[Records contained in a dataset]
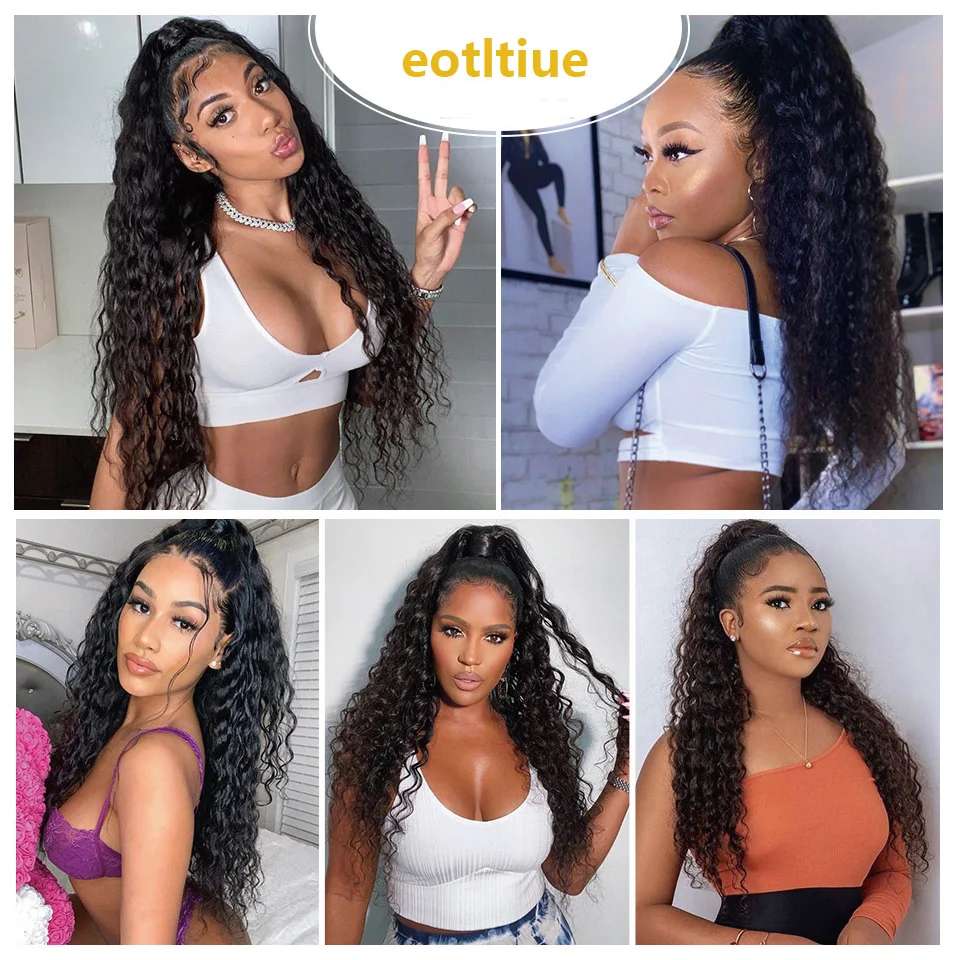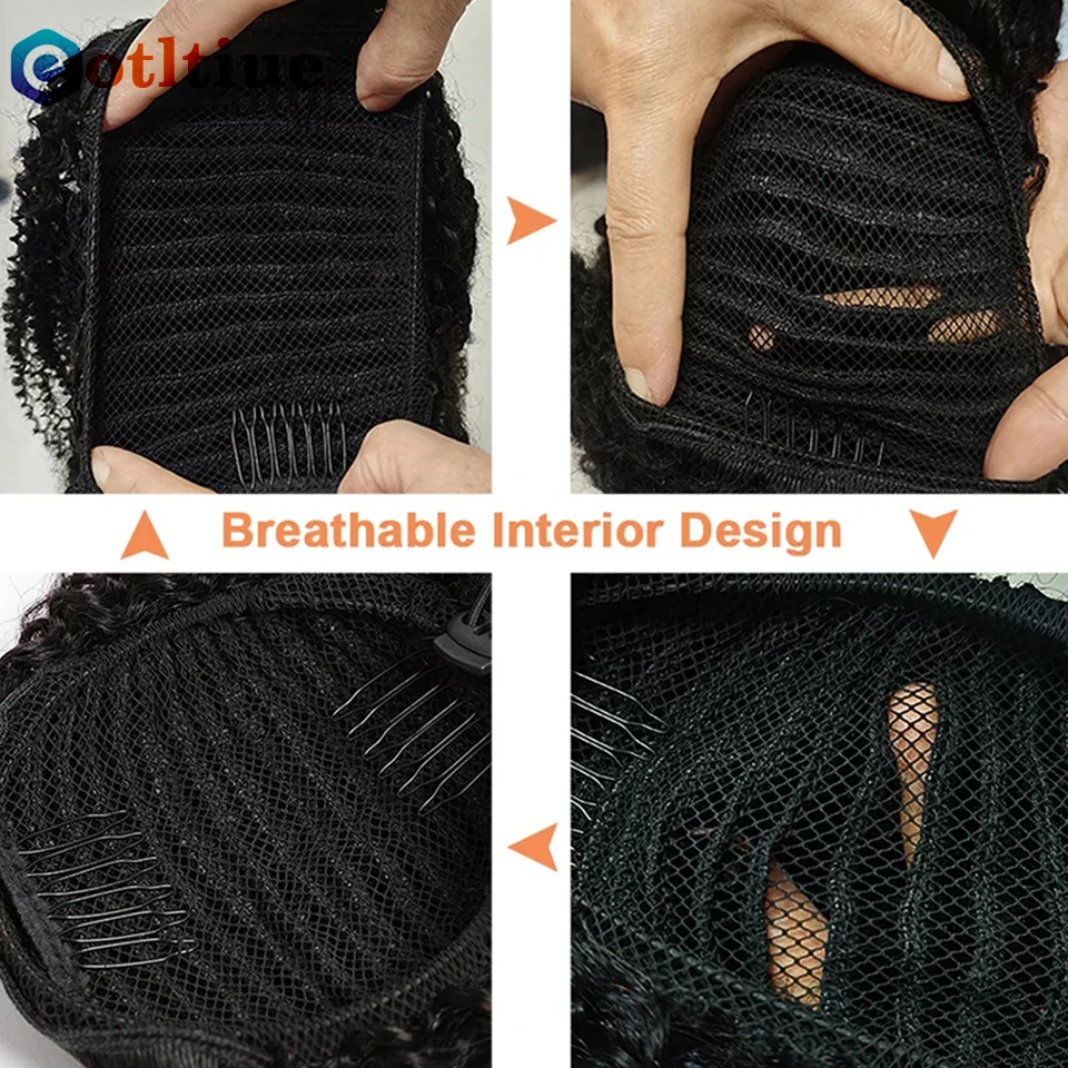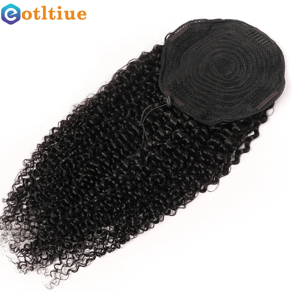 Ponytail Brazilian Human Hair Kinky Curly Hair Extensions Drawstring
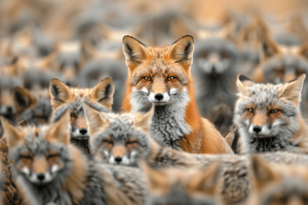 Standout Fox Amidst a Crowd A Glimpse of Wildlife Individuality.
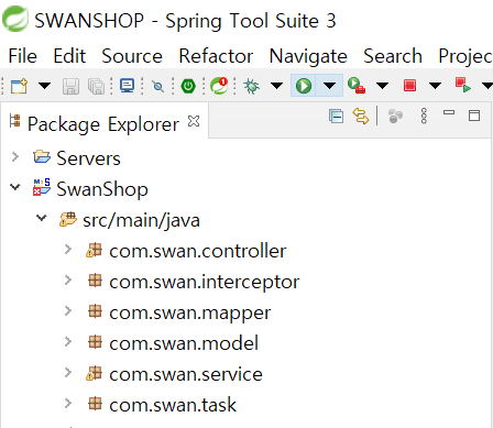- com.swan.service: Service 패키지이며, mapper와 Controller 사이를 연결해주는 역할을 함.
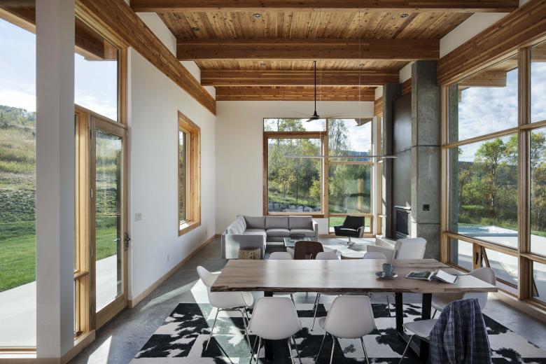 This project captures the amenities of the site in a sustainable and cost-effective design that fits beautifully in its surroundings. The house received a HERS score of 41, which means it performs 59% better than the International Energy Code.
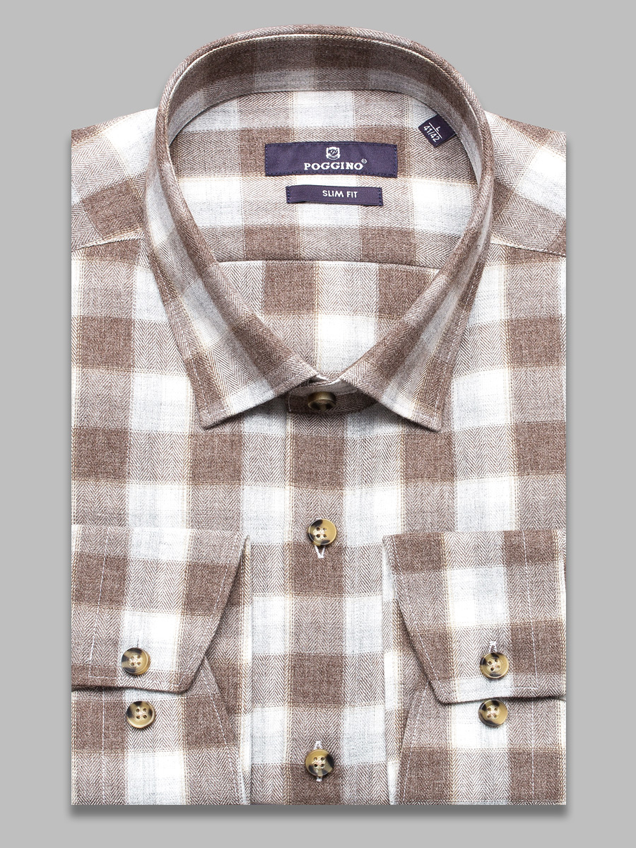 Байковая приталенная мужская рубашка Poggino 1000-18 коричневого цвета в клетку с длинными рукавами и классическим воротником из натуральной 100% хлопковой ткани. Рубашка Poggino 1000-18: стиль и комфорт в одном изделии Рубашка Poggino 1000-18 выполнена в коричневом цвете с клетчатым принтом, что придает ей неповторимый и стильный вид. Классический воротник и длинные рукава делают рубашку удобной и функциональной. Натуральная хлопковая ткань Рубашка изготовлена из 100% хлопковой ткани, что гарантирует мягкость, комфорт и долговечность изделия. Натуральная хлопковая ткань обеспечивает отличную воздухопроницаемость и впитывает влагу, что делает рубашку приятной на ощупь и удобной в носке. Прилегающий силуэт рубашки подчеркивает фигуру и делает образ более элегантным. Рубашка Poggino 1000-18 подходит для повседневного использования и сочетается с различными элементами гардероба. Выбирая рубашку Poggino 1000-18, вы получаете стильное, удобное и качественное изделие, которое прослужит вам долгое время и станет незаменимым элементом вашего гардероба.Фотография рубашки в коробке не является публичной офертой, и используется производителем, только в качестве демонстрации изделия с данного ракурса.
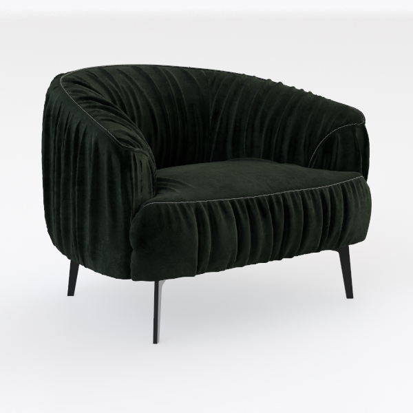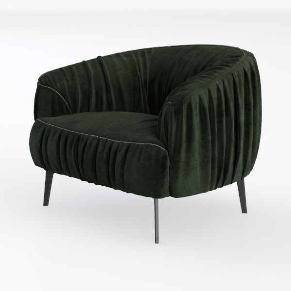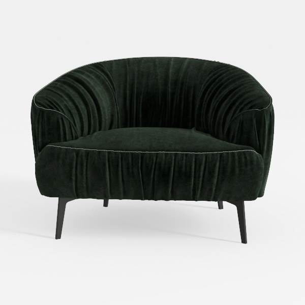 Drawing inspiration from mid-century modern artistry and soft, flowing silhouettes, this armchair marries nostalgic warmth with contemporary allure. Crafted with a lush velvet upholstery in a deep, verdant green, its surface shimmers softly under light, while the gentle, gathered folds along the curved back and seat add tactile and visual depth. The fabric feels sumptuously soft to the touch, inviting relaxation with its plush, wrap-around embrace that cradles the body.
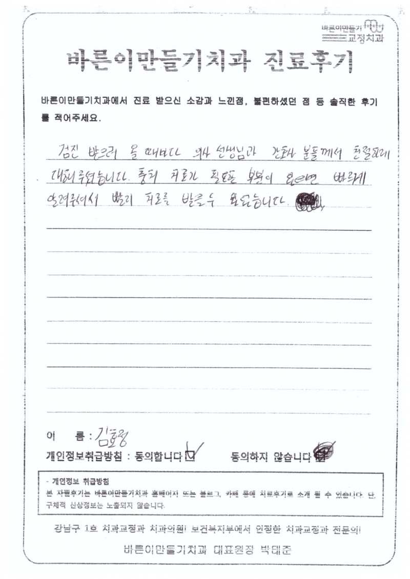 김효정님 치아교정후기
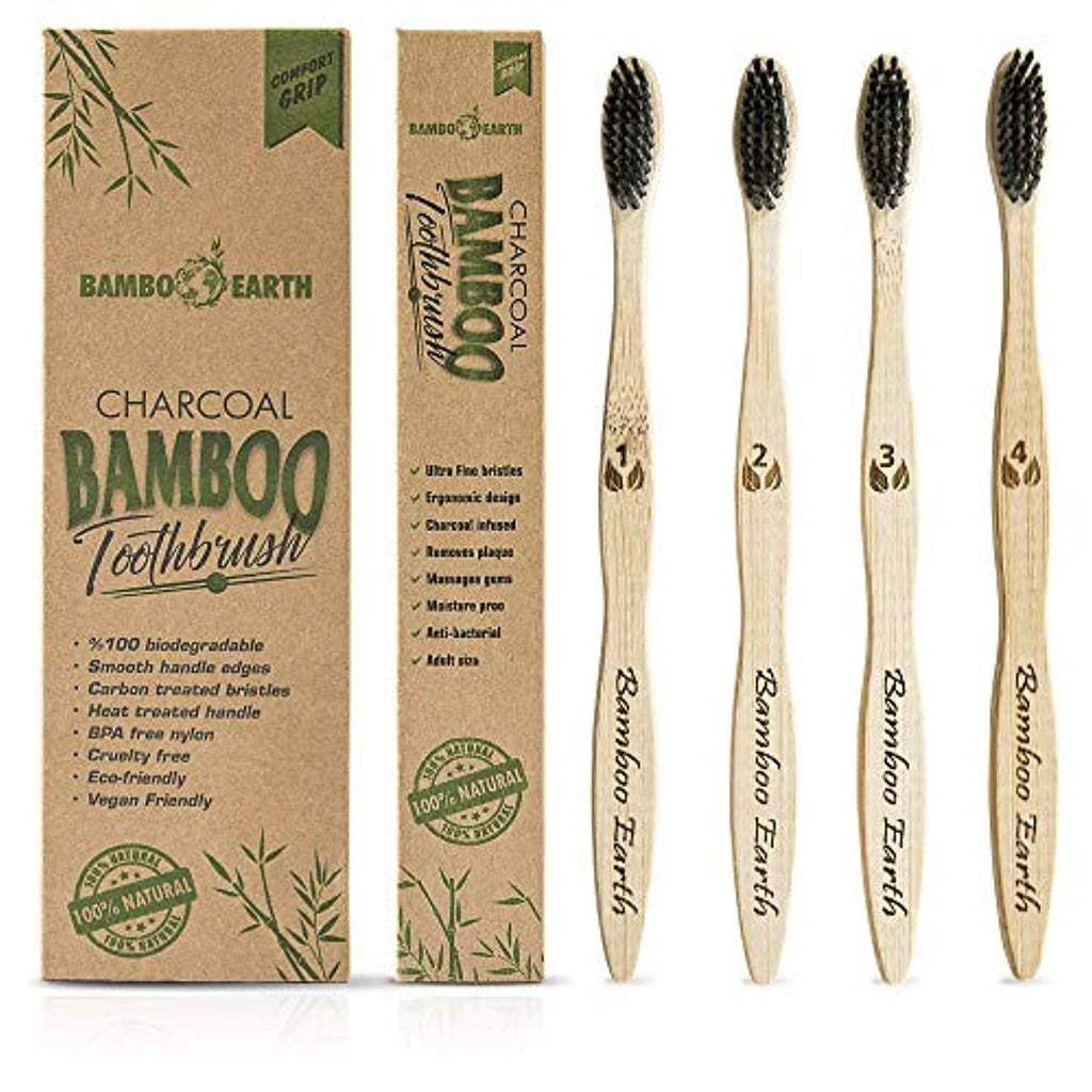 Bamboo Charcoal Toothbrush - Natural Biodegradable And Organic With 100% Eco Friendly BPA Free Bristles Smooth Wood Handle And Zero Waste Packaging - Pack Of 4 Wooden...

* _Exercise_: All the records need to be printed again exactly as written, though without their pictures.

* _Task answer_:
 Ponytail Brazilian Human Hair Kinky Curly Hair Extensions Drawstring
 Standout Fox Amidst a Crowd A Glimpse of Wildlife Individuality.
- com.swan.service: Service 패키지이며, mapper와 Controller 사이를 연결해주는 역할을 함.
 This project captures the amenities of the site in a sustainable and cost-effective design that fits beautifully in its surroundings. The house received a HERS score of 41, which means it performs 59% better than the International Energy Code.
 Байковая приталенная мужская рубашка Poggino 1000-18 коричневого цвета в клетку с длинными рукавами и классическим воротником из натуральной 100% хлопковой ткани. Рубашка Poggino 1000-18: стиль и комфорт в одном изделии Рубашка Poggino 1000-18 выполнена в коричневом цвете с клетчатым принтом, что придает ей неповторимый и стильный вид. Классический воротник и длинные рукава делают рубашку удобной и функциональной. Натуральная хлопковая ткань Рубашка изготовлена из 100% хлопковой ткани, что гарантирует мягкость, комфорт и долговечность изделия. Натуральная хлопковая ткань обеспечивает отличную воздухопроницаемость и впитывает влагу, что делает рубашку приятной на ощупь и удобной в носке. Прилегающий силуэт рубашки подчеркивает фигуру и делает образ более элегантным. Рубашка Poggino 1000-18 подходит для повседневного использования и сочетается с различными элементами гардероба. Выбирая рубашку Poggino 1000-18, вы получаете стильное, удобное и качественное изделие, которое прослужит вам долгое время и станет незаменимым элементом вашего гардероба.Фотография рубашки в коробке не является публичной офертой, и используется производителем, только в качестве демонстрации изделия с данного ракурса.
 Drawing inspiration from mid-century modern artistry and soft, flowing silhouettes, this armchair marries nostalgic warmth with contemporary allure. Crafted with a lush velvet upholstery in a deep, verdant green, its surface shimmers softly under light, while the gentle, gathered folds along the curved back and seat add tactile and visual depth. The fabric feels sumptuously soft to the touch, inviting relaxation with its plush, wrap-around embrace that cradles the body.
 김효정님 치아교정후기
 Bamboo Charcoal Toothbrush - Natural Biodegradable And Organic With 100% Eco Friendly BPA Free Bristles Smooth Wood Handle And Zero Waste Packaging - Pack Of 4 Wooden...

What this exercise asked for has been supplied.